[Start of Attachment]

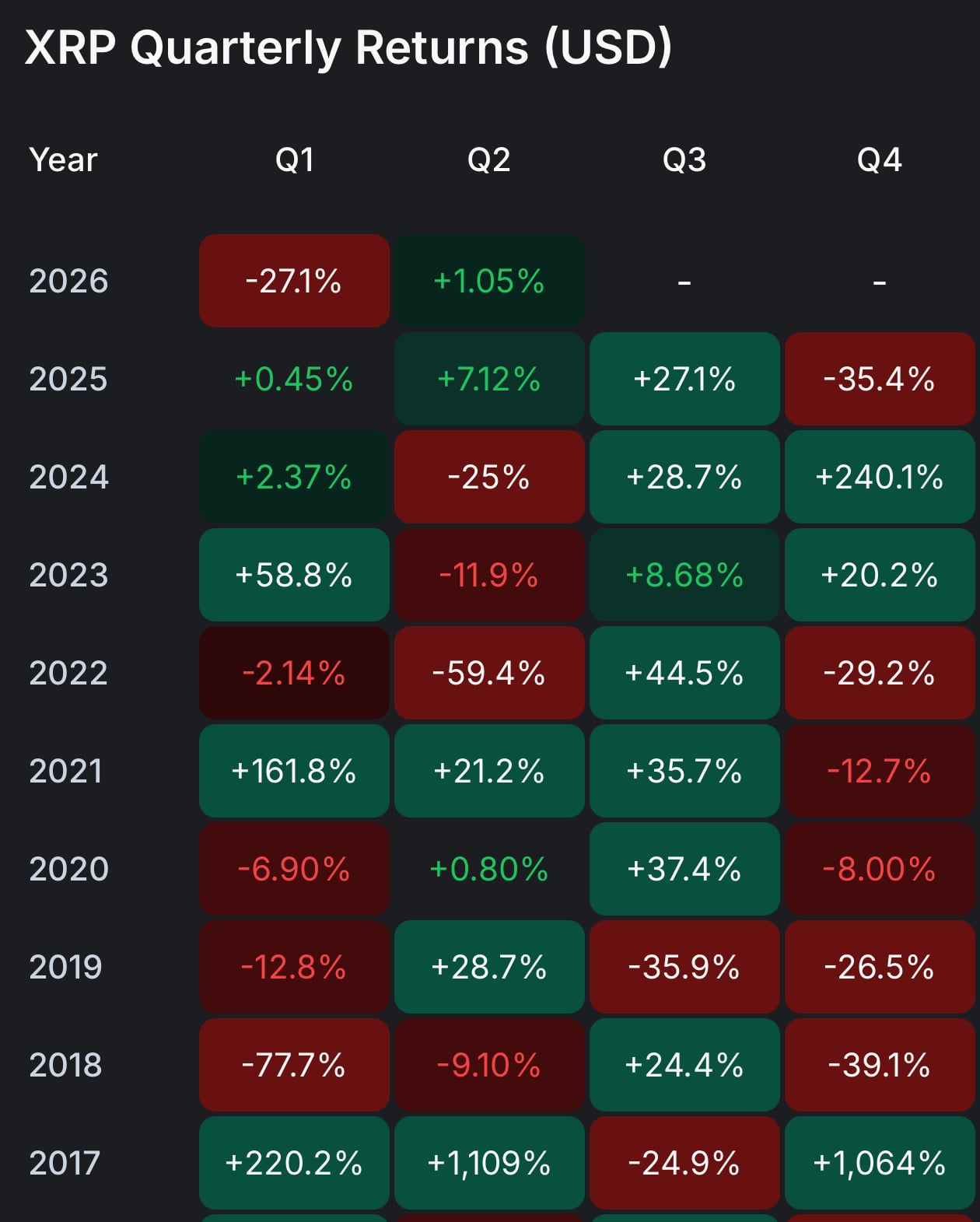 $XRP dips 27% in Q1, 2026
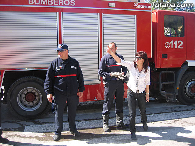 Alumnos de la escuela infantil "Clara Campoamor" participan en una actividad de acercamiento de vehículos de emergencias de la policia local, protección civil y bomberos
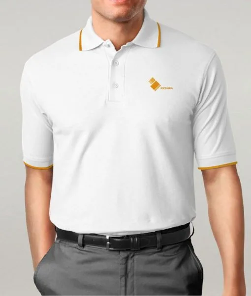 Áo thun đồng phục cá sấu TC-09 với thiết kế đơn giản, tinh tế và màu trắng tinh khiết sẽ giúp bạn tạo nên một phong cách thanh lịch và sang trọng. Đường viền cổ và tay áo màu vàng tạo điểm nhấn nhẹ nhàng.
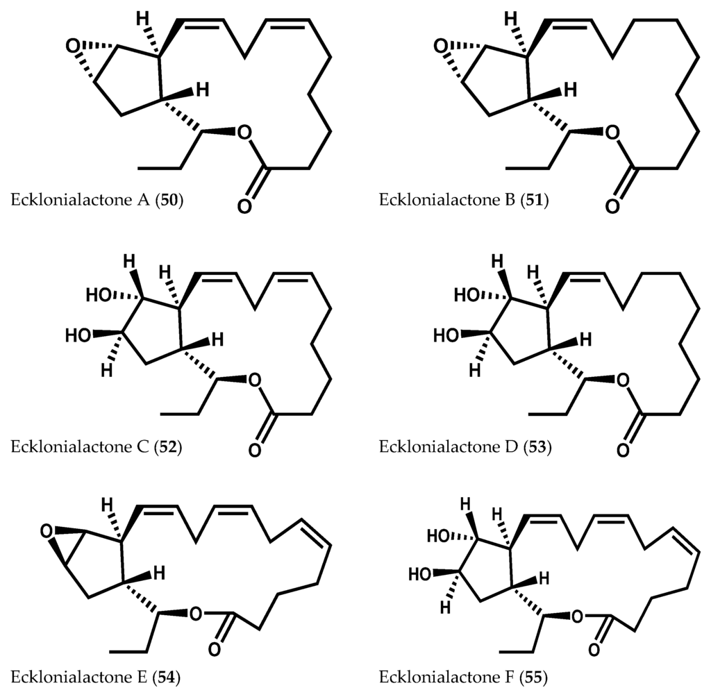 Ecklonialactones A (50) and B (51), C18 tricyclic compounds, were initially isolated from the brown alga Ecklonia stolonifera Okamura as metabolites with invertebrate antifeedant activity against the abalone Haliotis discus hannai Ino (Figure 10) [102]. Later, Kurata and co-workers [103] found another four ecklonialactones (C–F (52–55)) in E. stolonifera (Figure 10) [103]. These same metabolites, along with other related classes of cyclical oxylipins, were also described in Cymathaere triplicata (Postels & Ruprecht) J. Agardh [23,90,104], Egregia menziesii (Turner) Areschoug [19], Laminaria sinclairii (Harvey ex J.D. Hooker & Harvey) Farlow, Anderson & Eaton [105], and Eisenia bicyclis (Kjellman) Setchell [22].
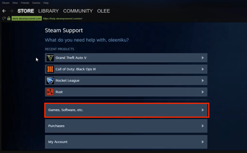 - In Steam, select Help from the menu bar > click Steam Support.
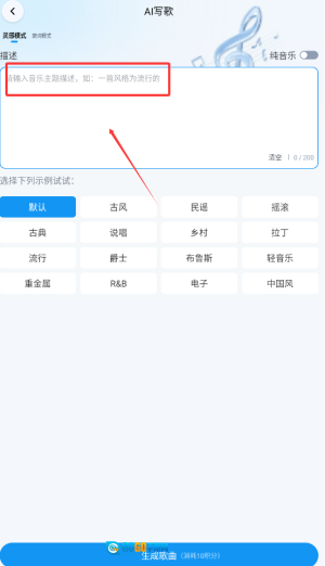 3、用户仅需输入风格、情绪类关键词(例如轻快电子乐、舒缓钢琴曲等),系统就能自动生成完整的音乐作品。
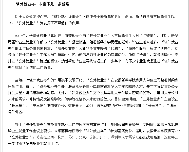 2010年5月6日,安徽教育网在首页对我院入选全国就业典型经验高校一事进行了相关报道。

[End of Attachment]

[Problem statement]: With the pictures left out, please output each line from the one containing "- In Steam, select" through the end of the entries, exactly as it is.

[Result of the task]:
 - In Steam, select Help from the menu bar > click Steam Support.
 3、用户仅需输入风格、情绪类关键词(例如轻快电子乐、舒缓钢琴曲等),系统就能自动生成完整的音乐作品。
 2010年5月6日,安徽教育网在首页对我院入选全国就业典型经验高校一事进行了相关报道。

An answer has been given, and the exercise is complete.